The young man breathed a sigh of relief as he finally sighted his quarry of the past four days. The old man was sitting on the park bench enjoying the sun and feeding the ducks.
‘Hello fella,’ the young man said as he sat down on the bench. ‘You said that you’d be able to tell me about the old days? About 2006? About the blankets?’
The old man tore off another piece of bread and threw it in the pond and watched a small crowd of ducks hungrily fight over it. ‘Sure, if you want to hear about that sort of stuff.’
The young man started a mini-recorder and placed it on the bench between them while the old man continued to talk.
‘It was back in o-six, about the middle of February, and if you believe the reports it was the first winter of the “big freeze”. I remember the years that followed, OAPs dropping dead in the road, cats frozen stiff in the streets…Happy days.’
Before continuing the old man took a swig from a bottle of something, probably illegal, which he’d concealed in a brown paper bag.
‘As you know I was working in London for the ambulance service, it was a pretty good job, but back then the health service was run and funded by the government.
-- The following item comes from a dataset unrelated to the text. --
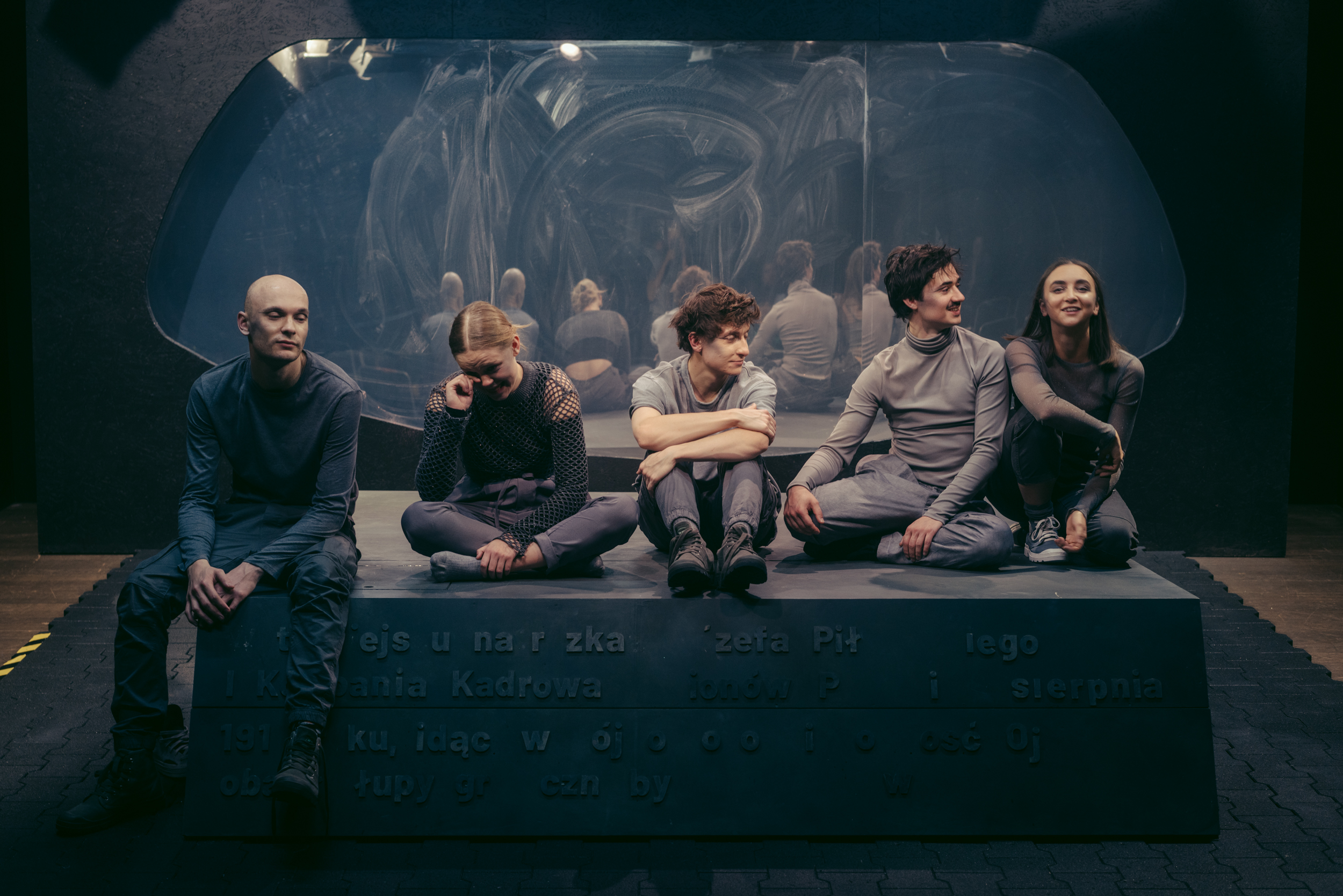 Siłą napędową siódemki jest piątka, a gwoli ścisłości: pięcioro. Laureatki i laureaci kolejnej edycji aktorskiego Polowania na motyle zdają tym popisem wszystkie egzaminy z teatralnej gotowości. W kreacji bohatera przechodniego, w wielopostaciowości, formalnych zadaniach i chóralnych opowieściach jak na dłoni widać bezszelestną współpracę zespołu aktorskiego. Nie ma znaczenia, czy wcielają się w ekipę Klinersów, żonglują wcieleniami głównego bohatera, obracają się w konwencji teatru cienia, plączą się w parawanie polskości czy mówią jednogłośnie – uważność, dokładność i punktualność, które prezentują, budzą podziw. Jest w nich ujmujący pierwiastek zabawy w teatr. Gdy informują nas o wybuchu wojny i wyliczają elementy rzeczywistości, które mogą bezpowrotnie utracić, zdejmują postaciowe gorsety, stają się prywatnie poruszającymi w swoich przeżyciach. Mimo licznych zbiorowych kreacji i odgrywania jednakowych zadań zachowują swoje indywidualności. Filip Orliński oscyluje między swobodnie nakręcaną dynamiką zabawy a introwertycznym zanurzaniem się w sobie, budzi to pragnienie dowiedzenia się, co kryje się w jego zamyślonych oczach. Agata Łabno przyciąga dziecięcym wręcz zaangażowaniem i odcieniami ironicznej gry, by później dokonać konfrontacji z własną dojrzałą kruchością. Konrad Żygadło w całej rozpiętości swojej dynamiki i energetycznych reakcji, którymi ożywia kolejne postaci, pozostaje w stałym kontakcie zarówno ze scenicznymi partnerami, jak i widzami. Martyna Czarnecka intensywnie kreuje swoją wizję świata, kreśląc wyraźne wizerunki. Janek Litvinovitch zaskakuje kilkukrotnie gamą silnych propozycji odmiennych od reszty zespołu, to znów wyróżnia się zdystansowaną emocjonalnością. Bije od tego zespołu świeżość, chęć i radość ze scenicznej obecności, znane szeroko z dyplomowych realizacji.

So a lot of things went wrong.’
The young man interrupted, ‘That was when Blair the Deceiver was in power? Just before the Party started to dissolve parliament?’
The old man looked sullen. ‘That’s right, bad days, very bad days.’
Sensing that the old man was about to enter a fit of depression, the young man decided to prompt him, ‘But about the blankets…?’
‘Yes,’ replied the old man, eyes suddenly snapping into focus, ‘we used to say back then that the only equipment we really needed was a chair and a blanket, but on that day there were no blankets to be found. We searched the stores, we even tried ransacking disused ambulances in case they had some—but there were none to be found.’
‘What did you do?’ asked the young man.
‘Well, we got onto our Control—they tried to contact someone in management, but no one seemed to be around. So Control spoke to their overseers—the people who had the job to look after these emergencies. They were no help.’
‘Was the management ever any good?’ the young man asked.
The old man was quiet for a moment before continuing, ‘In this case it turned out that there were no blankets at our central stores. Normally the blankets would be stored there before being delivered to individual stations by a tender driver. But the warehouse that washed and packed the blankets hadn’t delivered any to the stores.’
‘With no blankets, how could you help patients?’
‘Well, after talking with Control they suggested that we “liberate” some blankets from the hospitals in the area—so some of us went on stealth missions. We’d take in a drunk and while the nurses’ backs were turned your crewmate would sneak out with an armful of blankets.’
The old man threw another chunk of bread to the anxiously waiting ducks. ‘We didn’t call it stealing. Besides, the hospitals had more than enough.